Очень часто он неожиданно из Москвы телеграфировал, чтоб его не ждали к обеду. Когда вернется, он тоже не знает… Катерина Федоровна всегда приходила в дурное настроение, и это невольно отражалось на всем доме.
В первый раз, когда он остался в городе, она встретила его сурово:
– Где ты ночевал?
– На квартире…
– Почему?
– Было поздно возвращаться. Засиделся в клубе…
– В клубе! Я думала, какое-нибудь важное дело!
– Так оно и есть, Катюша…
– Что ты мне говоришь? Какие могут быть дела в клубе?!
– Ну, не дела… встречи… Я встретил там артиста, которого безумно люблю, с которым жаждал познакомиться… Мы ужинали, засиделись…
Она перебила его гневно:
– Какое безобразие, Андрей! В какое положение ты меня поставил перед всеми! Что подумают о тебе?
Его глаза потемнели.
– Кто?.. Кто смеет судить меня? И становиться между нами?

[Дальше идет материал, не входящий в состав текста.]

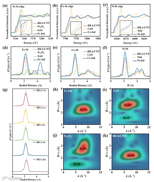 图3. HEA/CNT的原子结构分析。a) Fe、b) Co和c) Ni K边的XANES光谱;d) Fe、e) Co和f) Ni K边的FT-EXAFS光谱;g) HEA/CNT中X射线探测元素的FT-EXAFS光谱叠加图;h) Fe箔、i) FeO、j) Fe₂O₃和k) HEA/CNT的k³加权EXAFS信号小波变
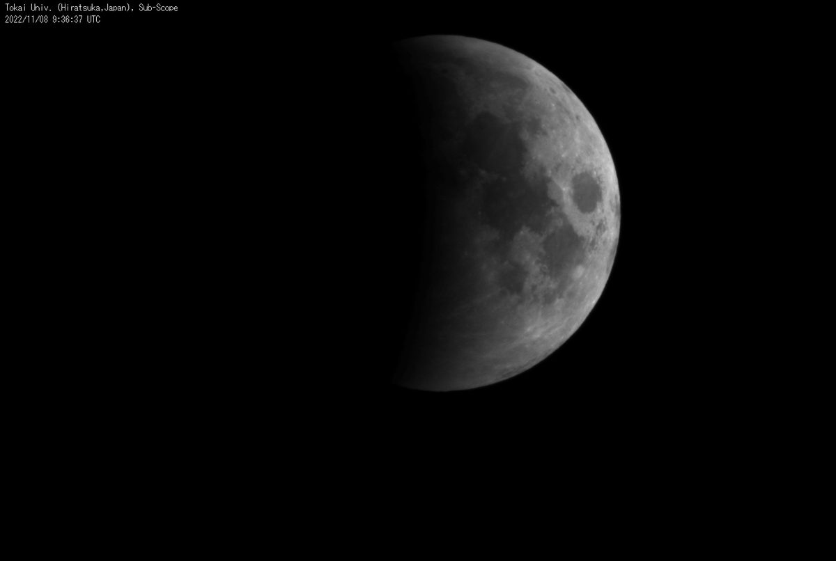 11月8日は皆既月食がありましたね。写真は本学、湘南キャンパスに設置されている「インターネット望遠鏡」が捉えた一枚。影がかかる月。天体ショーのスケールに圧倒されます。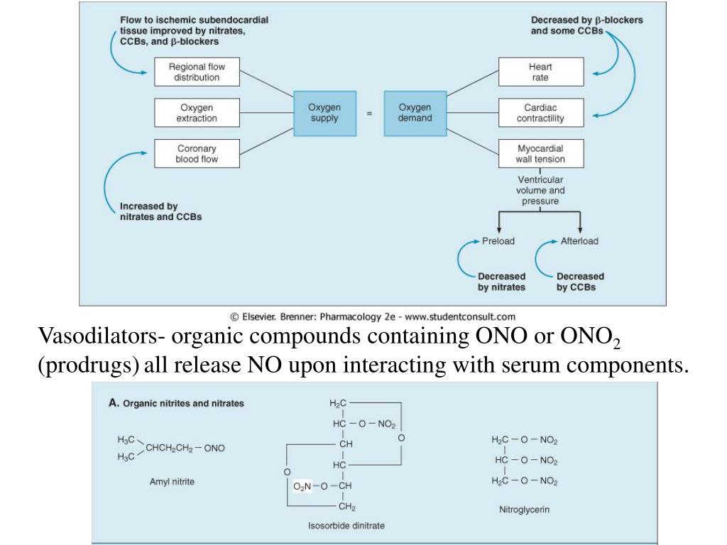 Vasodilators- organic compounds containing ONO or ONO2 (prodrugs)all release NO upon interacting with serum components.

– Как кто? Все… Родные, прислуга…
– Катя! И тебе не стыдно бояться того, что плетут Стеша с Федосеюшкой? Где твоя гордость?
Она вспыхнула.
– А Лиза? А Капитон? А маменька?
– Так неужели ты думаешь, что я в угоду кому бы то ни было, из страха чего бы то ни было лишу себя хотя б ничтожной радости? Не пойду навстречу своему желанию?
Этот крик вырвался из его души даже помимо его сознания, осветив мгновенно всю основу его натуры и миросозерцания. И если б она не была так слепа и прямолинейна, она увидела бы у самых ног своих бездну, разделявшую их души… Но она не поняла.

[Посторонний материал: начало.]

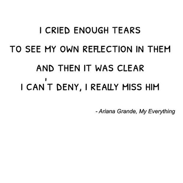 "I cried enough tears to see my own reflection in them. And then it was clear I can't deny I really miss him." — My Everything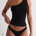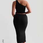 The One Shoulder T-Shirt features an exposed right shoulder for a touch of femininity, with a single strap and fabric that supports all chest sizes. This full-length top can be tucked in or left out, maintaining its seamless, flattering silhouette. Crafted from a fabric that gently cinches while feeling incredibly soft, it’s the perfect balance of comfort and elegance for everyday wear.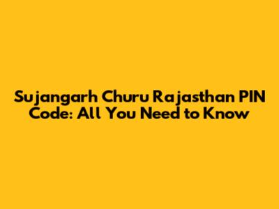 Sujangarh Churu Rajasthan PIN Code: All You Need To Know

– Что ты этим хочешь сказать? – прошептала она упавшим голосом.
Он тотчас овладел собой.
– Здесь нет ничего обидного, Катя, для тебя… Этим я хочу сказать только, что глубоко презираю суждения людей, которые ниже меня по развитию. Это я тебе говорю раз навсегда, чтоб отнять у тебя этот именно аргумент. Говори только о себе… Ты ревнуешь?
– О нет!.. Ты знаешь, что я тебе верю.
Он был тронут её голосом, больше даже чем словами. Он обнял ее.

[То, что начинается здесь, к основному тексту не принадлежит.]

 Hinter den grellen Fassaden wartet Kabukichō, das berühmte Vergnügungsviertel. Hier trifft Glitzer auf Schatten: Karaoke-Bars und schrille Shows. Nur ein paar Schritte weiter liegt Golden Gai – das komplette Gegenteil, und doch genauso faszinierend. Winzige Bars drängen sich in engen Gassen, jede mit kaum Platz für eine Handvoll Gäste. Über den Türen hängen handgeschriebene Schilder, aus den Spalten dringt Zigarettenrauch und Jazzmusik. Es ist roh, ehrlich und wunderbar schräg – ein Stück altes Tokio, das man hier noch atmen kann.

– Остальное вздор! Но помни, Катя: я люблю тебя и маменьку больше всего в мире… – Он вспомнил о Степане, о Лизе, завладевшей снова его душой, но промолчал… Зачем? Она не поняла бы его… – Больше всего в мире, – повторил он. – Но свободу мою, Катя люблю больше, чем вас обеих…
В его объятиях она вдруг вся как-то «задеревенела»… Он это почувствовал.
– Маменька мою натуру знает и никогда не посягала на мою свободу… За это я её ценю ещё более. Она женщина без образования, но чутким сердцем она угадала, чем меня можно привязать к себе. Ты, умная и образованная женщина, – научись и ты уважать мою свободу и не делай пагубных ошибок!..
Она вдруг вся задрожала.
– Ты мне грозишь, Андрей? Ты разве… ты можешь меня разлюбить?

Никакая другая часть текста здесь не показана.